Professional ratings
Aggregate scores
| Source | Rating |
| AnyDecentMusic? | 4.6/10 |
| Metacritic | 44/100 |
Review scores
| Source | Rating |
| AllMusic | Star |
| The Independent | Star |
| NME | Star |
| Pitchfork | 3.0/10 |
| RapReviews | 6.5/10 |
| Slant Magazine | Star Half star |
| XXL | L (3/5) |

==Commercial performance==
Skins debuted at number one on the US Billboard 200 with 132,000 album-equivalent units, of which 52,000 were pure album sales. It is XXXTentacion's second US number-one album. The album charted on the US Billboard 200 for 18 weeks before leaving the chart. The album has been certified gold by the Recording Industry Association of America (RIAA) for sales of 500,000 units in the US.

==Track listing==
Credits adapted from Tidal.

Notes
- "Guardian Angel", "Train Food" and "I Don't Let Go" are stylized in sentence case. (e.g. "Train Food" = "Train food")
- "Whoa (Mind in Awe)", "Difference (Interlude)" and "What Are You So Afraid Of" are stylized in lowercase.
- "Bad!" and "Staring at the Sky" are stylized in uppercase.

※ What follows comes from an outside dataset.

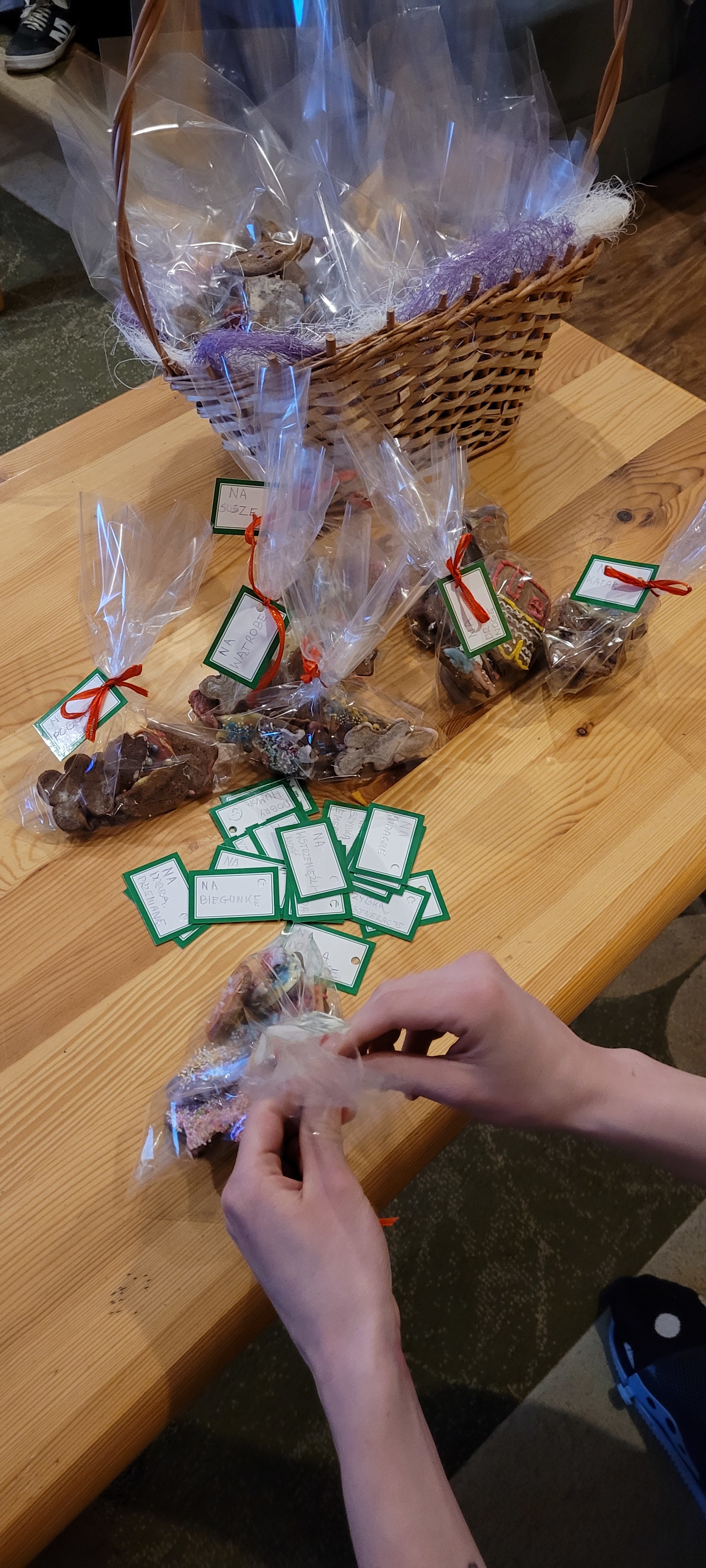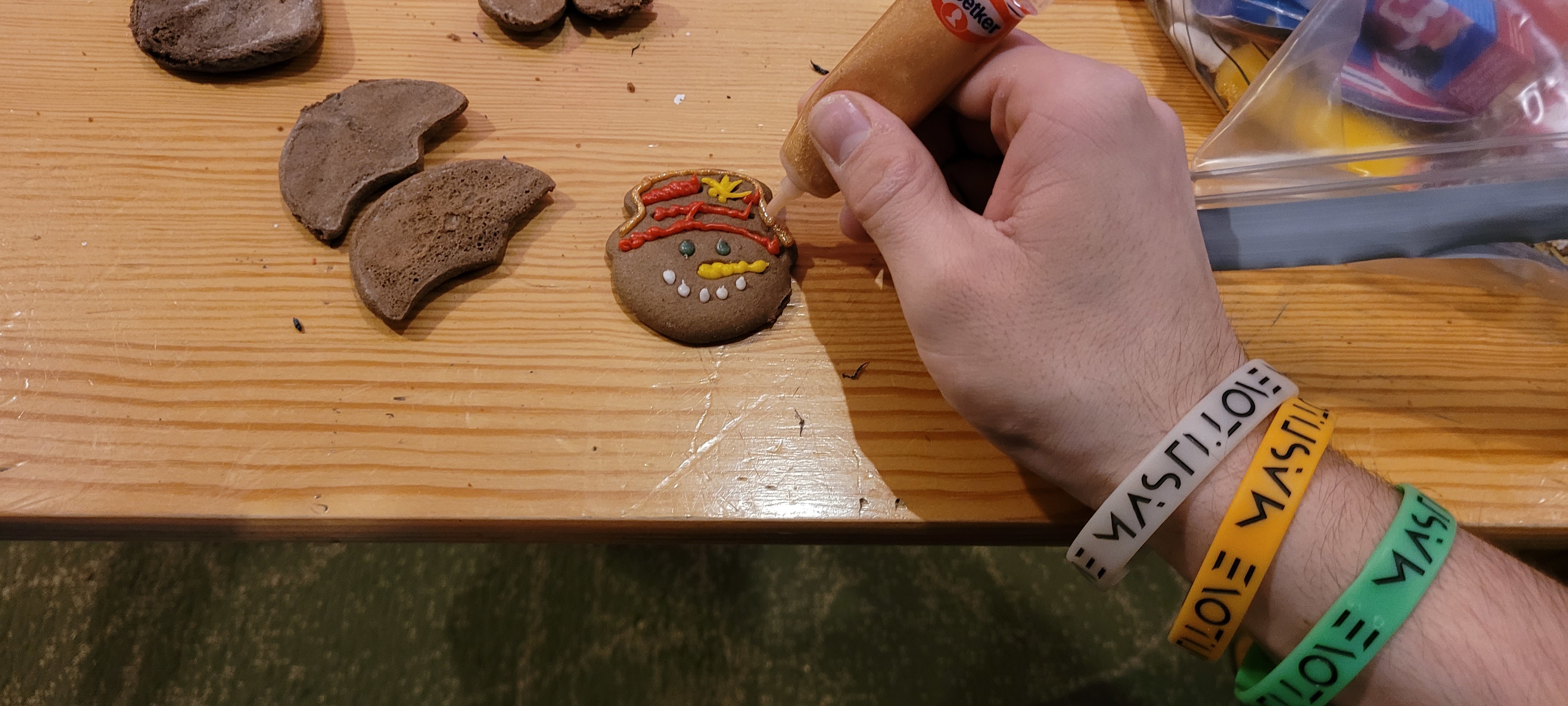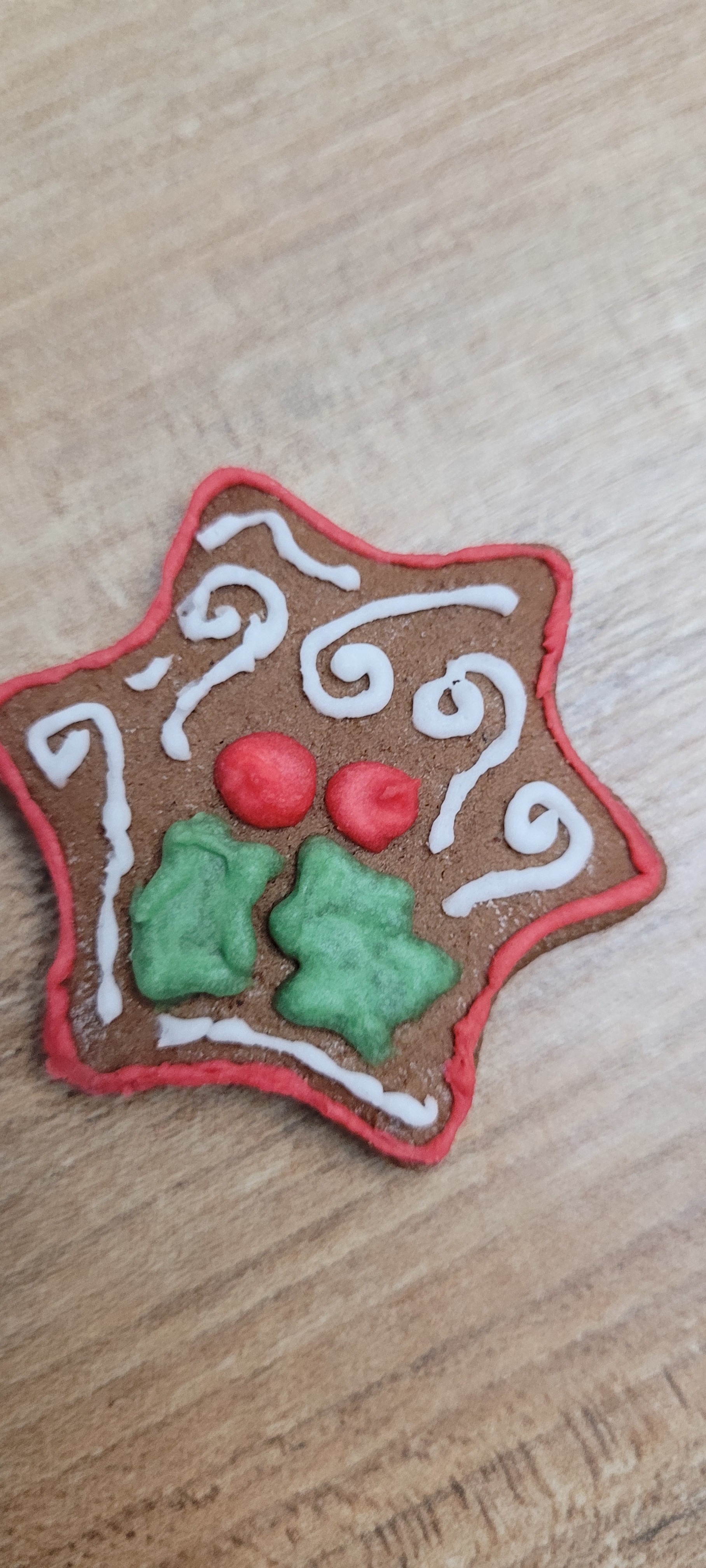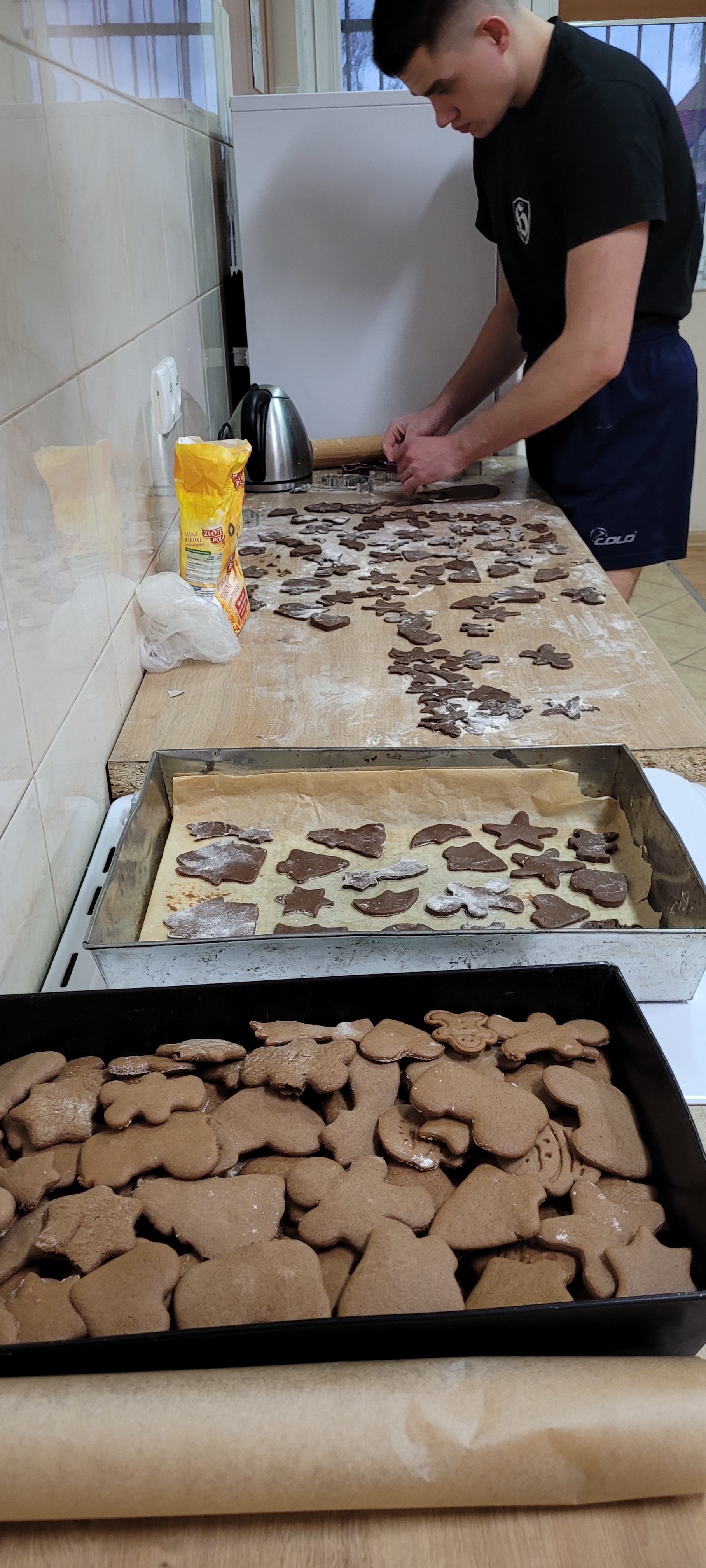 Któż z nas nie wspomina zapachu piekących się pierniczków u babci czy mamy w okolicach Świąt Bożego Narodzenia....? Kształtując u naszych podopiecznych poszanowanie do tradycji, postanowiliśmy w tym roku upiec właśnie pierniki na święta. Ile w tym było humoru gdy ciasto było albo zbyt luźne albo zbyt suche....no cóż wszak to nasze pierwsze wypieki. W efekcie udało się rozwałkować masę i przygotować świąteczne formy do wycięcia naszych pierniczków. Piekarnik nastawiony na odpowiednią temperaturę wsadzamy na kilka minut i upieczone. Ten magiczny zapach przyprawy do piernika rozszedł się po całej placówce. No ale zabawa dopiero sie zaczęła podczas dekorowania.....oj fantazja naszych chłopców była tu na najwyższym poziomie. Postanowiliśmy potraktować pierniczki jako drobny prezencik/amulecik dla uczestników naszej wigilii. I tak na każdej paczuszce przywiesiliśmy "bilecik" z informacją na co te magiczne świąteczne pierniczki pomagają, wszak jest to moc wigilii.

| No. | Title | Writer(s) | Producer(s) | Length |
|---|---|---|---|---|
| 1. | "Introduction" | Jahseh Onfroy | XXXTentacion | 0:31 |
| 2. | "Guardian Angel" | Onfroy; Ciara Simms; | Potsu; XXXTentacion; | 1:48 |
| 3. | "Train Food" | Onfroy; John Cunningham; | Cunningham; XXXTentacion; | 2:44 |
| 4. | "Whoa (Mind in Awe)" | Onfroy; Cunningham; Robert Soukiasyan; | Cunningham | 2:37 |
| 5. | "Bad!" | Onfroy; Cunningham; Soukiasyan; | Cunningham; Soukiasyan; | 1:34 |
| 6. | "Staring at the Sky" | Onfroy; Cunningham; | Cunningham; XXXTentacion; | 1:25 |
| 7. | "One Minute" (featuring Kanye West and Travis Barker) | Onfroy; Cunningham; Travis Barker; Kanye West; | Cunningham | 3:17 |
| 8. | "Difference (Interlude)" | Onfroy; Cunningham; | Cunningham | 1:16 |
| 9. | "I Don't Let Go" | Onfroy; Cunningham; Kevin Gomringer; Tim Gomringer; | Cunningham; Cubeatz; | 2:01 |
| 10. | "What Are You So Afraid Of" | Onfroy; Cunningham; Soukiasyan; | Cunningham; Soukiasyan; | 2:31 |
| Total length: |  |  |  | 19:44 |

==Personnel==
- XXXTentacion – vocals, composition, engineering, executive production, production
- Kanye West – composition, vocals
- Travis Barker – composition, drums
- John Cunningham – bass, composition, drums, engineering, executive production, guitar, mixing, piano, production, programming
- Cubeatz – composition
- Koen Heldens – mixing
- Brandon Brown – mixing assistance
- Dave Kutch – mastering
- Kevin Peterson – mastering assistance
- C. Nicole Simms – composition
- Robbie Soukiasyan – additional production, composition, engineering, guitar, keyboards, mixing, piano, production

==Charts==

===Weekly charts===

| Chart (2018) | Peak position |
|---|---|
| Australian Albums (ARIA) | 8 |
| Austrian Albums (Ö3 Austria) | 10 |
| Belgian Albums (Ultratop Flanders) | 15 |
| Belgian Albums (Ultratop Wallonia) | 50 |
| Canadian Albums (Billboard) | 4 |
| Danish Albums (Hitlisten) | 5 |
| Estonian Albums (IFPI) | 1 |
| Dutch Albums (Album Top 100) | 3 |
| Finnish Albums (Suomen virallinen lista) | 2 |
| French Albums (SNEP) | 53 |
| Irish Albums (IRMA) | 9 |
| Italian Albums (FIMI) | 25 |
| Latvian Albums (LAIPA) | 1 |
| Lithuanian Albums (AGATA) | 1 |
| New Zealand Albums (RMNZ) | 5 |
| Norwegian Albums (VG-lista) | 1 |
| Swedish Albums (Sverigetopplistan) | 1 |
| Swiss Albums (Schweizer Hitparade) | 36 |
| UK Albums (Official Charts) | 29 |
| US Billboard 200 | 1 |
| US Top R&B/Hip-Hop Albums (Billboard) | 1 |

===Year-end charts===

| Chart (2019) | Position |
|---|---|
| US Billboard 200 | 133 |
| US Top R&B/Hip-Hop Albums (Billboard) | 61 |

==Certifications==

| Region | Certification | Certified units/sales |
| Denmark (IFPI Danmark) | Gold | 10,000^{‡} |
| United Kingdom (BPI) | Silver | 60,000^{‡} |
| United States (RIAA) | Gold | 500,000^{‡} |
^{‡} Sales+streaming figures based on certification alone.